Native American aerospace engineer Mary Golda Ross became employed at Lockheed Aircraft Corporation, where she provided troubleshooting for military aircraft. She went on to work for NASA, developing operational requirements, flight plans, and a Planetary Flight Handbook for spacecraft missions such as the Apollo program.
American physicists and mathematicians Frances Spence, Ruth Teitelbaum, Marlyn Meltzer, Betty Holberton, Jean Bartik and Kathleen Antonelli programmed the electronic general- purpose computer ENIAC, becoming some of the world’s first computer programmers.
American biochemist Marie Maynard Daly became the first African-American woman to complete a PhD in chemistry in the United States.
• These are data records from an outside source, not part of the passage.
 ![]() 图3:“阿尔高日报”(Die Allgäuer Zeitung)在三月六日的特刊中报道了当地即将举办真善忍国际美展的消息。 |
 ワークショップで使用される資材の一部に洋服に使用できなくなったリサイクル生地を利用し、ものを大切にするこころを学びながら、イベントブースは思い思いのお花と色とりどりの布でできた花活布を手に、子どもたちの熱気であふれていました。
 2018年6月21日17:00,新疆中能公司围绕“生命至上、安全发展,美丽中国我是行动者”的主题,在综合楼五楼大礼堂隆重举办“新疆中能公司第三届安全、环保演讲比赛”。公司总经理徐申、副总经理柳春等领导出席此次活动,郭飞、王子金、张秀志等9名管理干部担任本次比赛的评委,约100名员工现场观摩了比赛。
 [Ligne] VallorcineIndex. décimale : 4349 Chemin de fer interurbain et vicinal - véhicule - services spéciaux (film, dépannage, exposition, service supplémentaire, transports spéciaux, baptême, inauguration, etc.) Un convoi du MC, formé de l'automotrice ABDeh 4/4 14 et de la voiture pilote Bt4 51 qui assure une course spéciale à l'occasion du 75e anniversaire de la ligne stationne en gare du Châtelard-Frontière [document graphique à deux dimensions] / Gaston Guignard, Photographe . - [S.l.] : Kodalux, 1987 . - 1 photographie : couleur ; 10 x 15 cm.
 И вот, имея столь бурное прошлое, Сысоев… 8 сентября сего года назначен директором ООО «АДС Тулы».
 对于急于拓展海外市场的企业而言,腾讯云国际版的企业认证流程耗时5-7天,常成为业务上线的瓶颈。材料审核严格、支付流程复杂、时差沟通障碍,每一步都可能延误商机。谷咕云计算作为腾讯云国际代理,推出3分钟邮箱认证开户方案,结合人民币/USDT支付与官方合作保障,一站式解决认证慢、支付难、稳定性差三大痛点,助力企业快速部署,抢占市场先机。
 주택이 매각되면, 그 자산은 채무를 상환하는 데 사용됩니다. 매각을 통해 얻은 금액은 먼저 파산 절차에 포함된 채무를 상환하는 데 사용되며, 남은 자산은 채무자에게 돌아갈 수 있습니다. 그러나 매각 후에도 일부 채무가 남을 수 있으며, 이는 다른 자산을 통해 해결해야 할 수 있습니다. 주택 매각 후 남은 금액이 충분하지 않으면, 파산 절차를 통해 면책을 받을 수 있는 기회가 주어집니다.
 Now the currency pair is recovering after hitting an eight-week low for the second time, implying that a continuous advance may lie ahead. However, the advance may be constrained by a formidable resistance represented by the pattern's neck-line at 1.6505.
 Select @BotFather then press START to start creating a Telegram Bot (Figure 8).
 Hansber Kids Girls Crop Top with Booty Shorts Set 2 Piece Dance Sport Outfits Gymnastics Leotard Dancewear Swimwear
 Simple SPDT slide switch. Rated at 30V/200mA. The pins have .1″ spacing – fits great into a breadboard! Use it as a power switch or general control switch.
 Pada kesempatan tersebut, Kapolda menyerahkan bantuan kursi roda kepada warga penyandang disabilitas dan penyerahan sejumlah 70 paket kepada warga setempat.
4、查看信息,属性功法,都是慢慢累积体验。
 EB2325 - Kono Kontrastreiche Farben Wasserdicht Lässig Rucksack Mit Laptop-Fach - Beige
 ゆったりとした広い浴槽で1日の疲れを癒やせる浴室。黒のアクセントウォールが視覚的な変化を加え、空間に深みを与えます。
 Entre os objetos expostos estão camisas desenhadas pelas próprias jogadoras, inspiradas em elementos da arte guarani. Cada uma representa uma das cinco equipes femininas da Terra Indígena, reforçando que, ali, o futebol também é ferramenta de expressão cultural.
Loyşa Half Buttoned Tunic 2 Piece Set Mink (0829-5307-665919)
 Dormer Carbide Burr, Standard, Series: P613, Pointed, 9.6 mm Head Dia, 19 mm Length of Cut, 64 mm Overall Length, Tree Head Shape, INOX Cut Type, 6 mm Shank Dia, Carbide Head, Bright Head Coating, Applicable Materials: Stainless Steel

She completed her dissertation, entitled “A Study of the Products Formed by the Action of Pancreatic Amylase on Corn Starch” at Columbia University.
Isabella Abbott became the first Native Hawaiian woman to receive a PhD in any science; hers was in botany.
American microbiologist Esther Lederberg became the first to isolate lambda bacteriophage, a DNA virus, from Escherichia coli K-12.
Jerrie Cobb is the first U.S. woman to undergo astronaut testing. NASA, however, cancels the women’s program in 1963. It is not until 1983 that an American woman gets sent into space.
Japanese geochemist Katsuko Saruhashi published her research on measuring carbonic acid levels in seawater. The paper included “Saruhashi’s Table”, a tool of measurement she had developed that focused on using water temperature, pH level, and chlorinity to determine carbonic acid levels. Her work contributed to global understanding of climate change, and Saruhashi’s Table was used by oceanographers for the next 30 years.